Swiss player Roger Federer, Australian Open champion Thomas Johansson and Yevgeny Kafelnikov are also competing in the German event this year.

  • Former champion Lindsay Davenport withdrew from Wimbledon after failing to fully recover from knee surgery. Davenport, who won in 1999, had surgery on her right knee in January and has missed the Australian Open and French Open, causing her to drop from No. 1 to No. 6 in the WTA world rankings.

    COLLEGE FOOTBALL

  • Washington & Jefferson, which split two games in the NCAA Division III playoffs last season, announced a 10-game regular-season schedule for next season. The Presidents, who defeated Western Maryland, 24-21, and lost to Widener, 46-30, in the postseason, will open Sept. 1 at Ursinus. Their home opener is Sept. 8 against Allegheny.

    TRACK AND FIELD

  • Pitt announced it will not renew the contract of longtime coach Steve Lewis, who recently completed his 20th season with the Panthers. Lewis joined Pitt as an assistant in 1982. He was named women's coach in 1985 and added the role of men's coach in 1994.

    VOLLEYBALL

  • West Virginia signed two 5-foot-11 recruits for next season. Kelly Mullins, an outside hitter and defensive specialist from Scottsdale, Ariz., and Melissa Zapiain, a middle hitter from Irvine, Calif., are the latestplayers to join the Mountaineers.

    HIGH SCHOOLS

    Ken Lessig was hired as the girls varsity basketball coach at Burrell High School. Lessig leaves St. Joseph's where he was the athletic director and golf coach. He replaces Shaun Reddick who coached the Buccaneers for one season leading them to an 8-15 record (6-8 Section 1-AAA).

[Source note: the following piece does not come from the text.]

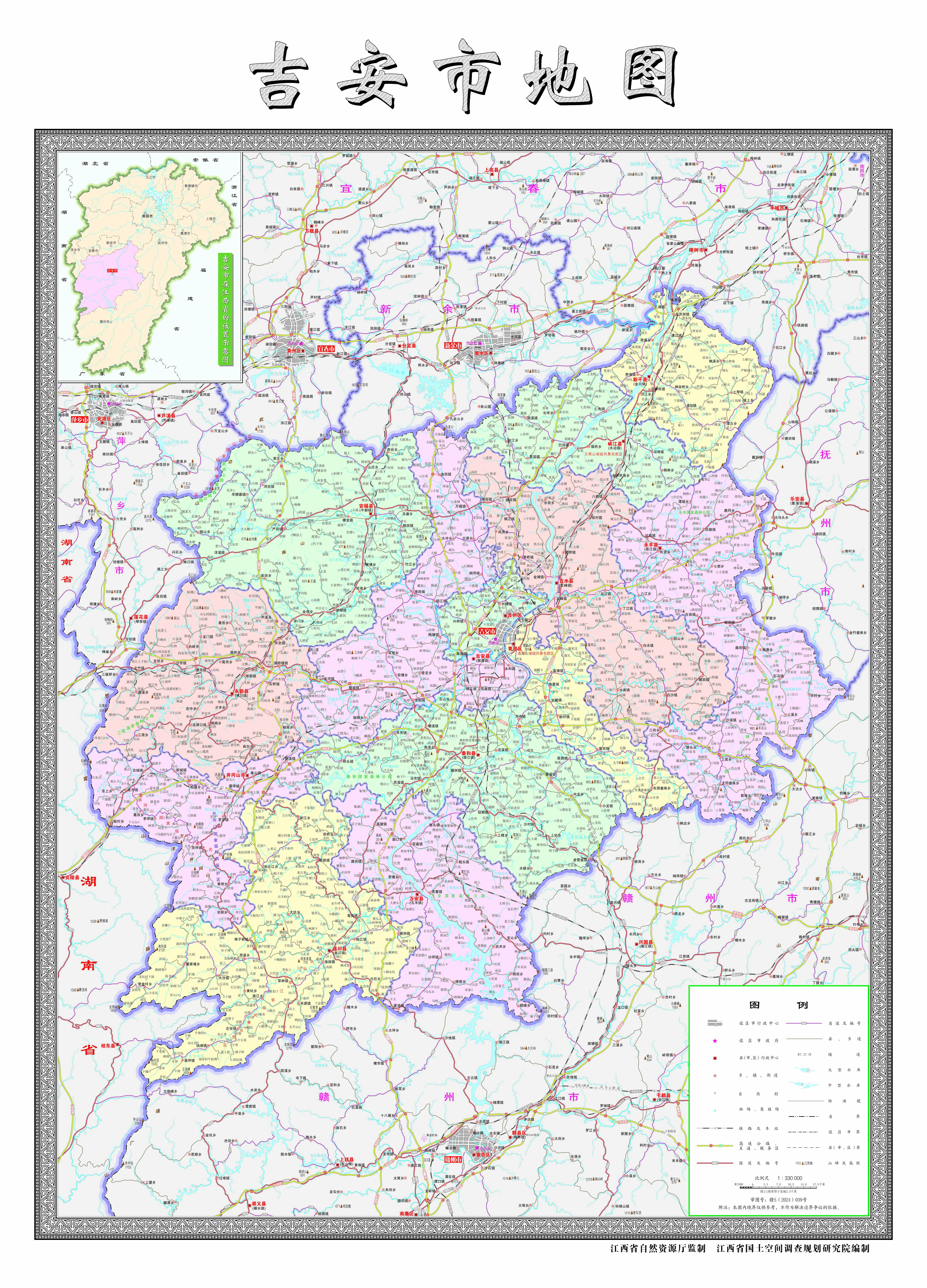 吉安市轄2個區(qū)、10個縣,代管1個縣級市

  • Thomas Jefferson has offered Tom Berich its boys basketball coaching job. Berich, who coached at Norwin last season, hasn't accepted the position yet, but if he does, he could be voted on by the school board at its next meeting Tuesday. Thomas Jefferson originally hired Keystone Oaks coach Ben O'Connor to replace long-time coach Tom Sharkey, but O'Connor decided to stay at his alma mater. Thomas Jefferson went 6-17 last season and finished sixth in Section 4-AAA.

    OFF THE FIELD

  • Pitt-Johnstown named Mike Castner athletic director, succeeding Ed Sherlock, who resigned. Castner, who was serving as interim athletic director, was chosen from a list of more than 50 applicants. He has been employed by the university for 23 years, during which time he has served as head athletic trainer, Sports Center facility manager and women's cross country coach.

  • The trial of Donald Dykes, one of four former Notre Dame football players charged in a gang rape, is scheduled for Sept. 16. Dykes, Justin Smith and Lorenzo Crawford are charged with raping a 20-year-old female student they knew through her work with the athletic department. The three, along with Abram Elam, also are charged with conspiracy to commit rape.

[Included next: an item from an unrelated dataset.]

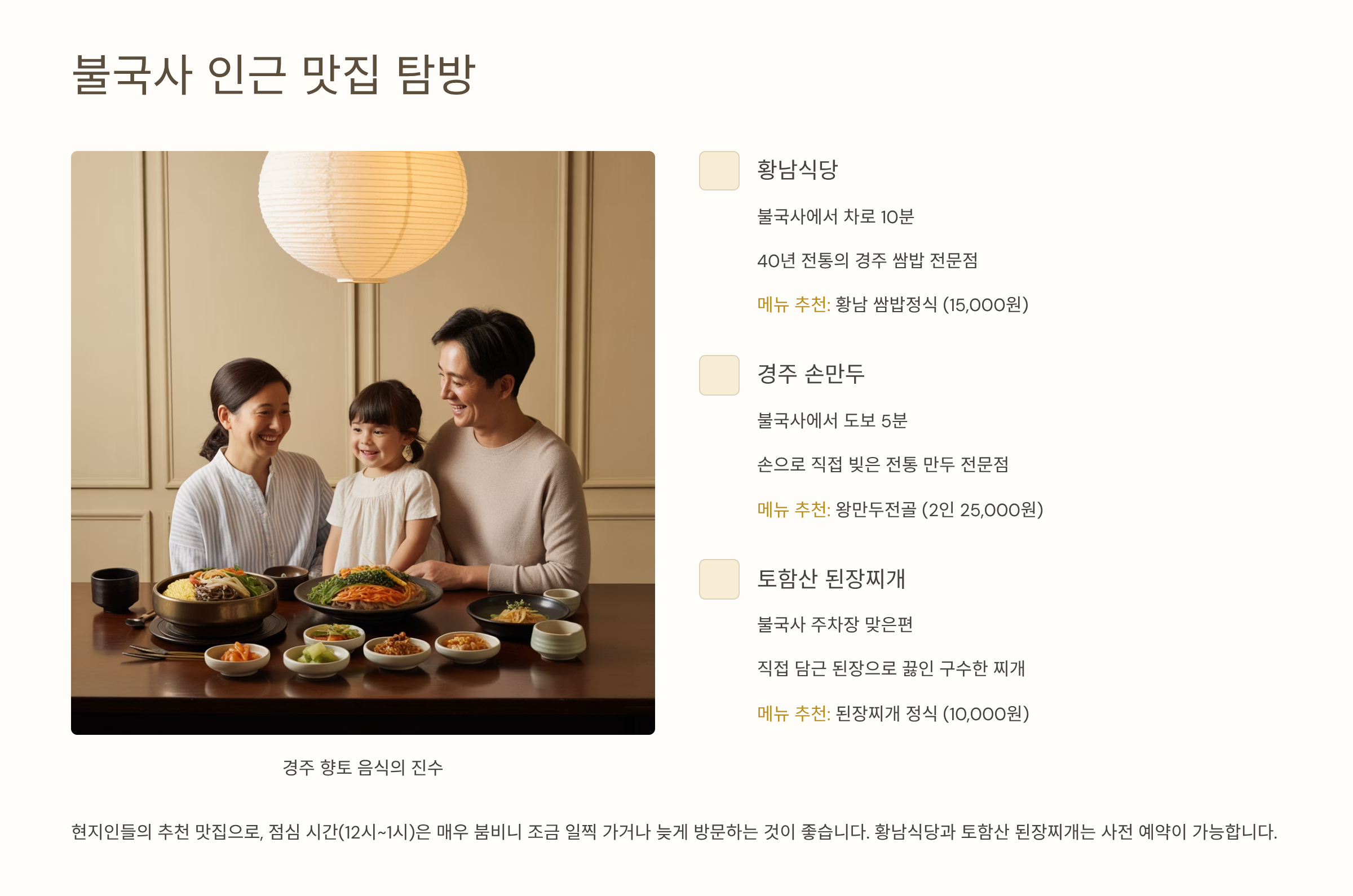 불국사 주변에는 경주 여행의 피로를 풀어줄 다양한 맛집들이 즐비해 있습니다. 가장 유명한 메뉴는 역시 '쌈밥'입니다. 신선한 채소와 함께 떡갈비, 제육볶음 등 다양한 반찬이 푸짐하게 나오는 쌈밥 정식은 여행객들의 든든한 한 끼를 책임집니다. 불국사 정문 주변에는 많은 쌈밥집이 모여 있어 취향에 맞는 식당을 선택할 수 있습니다. 또한, 경주 전통 비빔밥도 빼놓을 수 없는 메뉴입니다. 다양한 나물과 고명이 어우러진 비빔밥은 신라의 고유한 맛을 느끼게 해줍니다. 식사 후에는 불국사 상가 주변에서 판매하는 '황남빵'이나 '찰보리빵'과 같은 경주의 대표적인 간식들을 맛보는 것도 좋습니다. 이 외에도 다양한 카페와 한정식 식당들이 있어, 여행객들은 자신의 입맛에 맞는 음식을 선택할 수 있습니다. 경주에는 전통적인 맛집 외에도 젊은 감각의 퓨전 식당들이 많이 생겨나고 있어 선택의 폭이 넓어졌습니다. 경주 맛집 정보는 메뉴판 닷컴 등 맛집 정보 사이트에서 참고할 수 있습니다.

  • Dartmouth's new athletic director resigned abruptly after questions were raised about his resume, college officials said. Charles Harris stepped down the day before he was to have been officially introduced as the school's new athletic director.

  • WNBA players are threatening to strike next season if a new deal isn't worked out by the start of training camp. Seattle Storm guard Sonja Henning, the president of the WNBA players association, said that 100 players discussed the possibility of a work stoppage. The four-year collective bargaining agreement expires Sept. 15, during the offseason.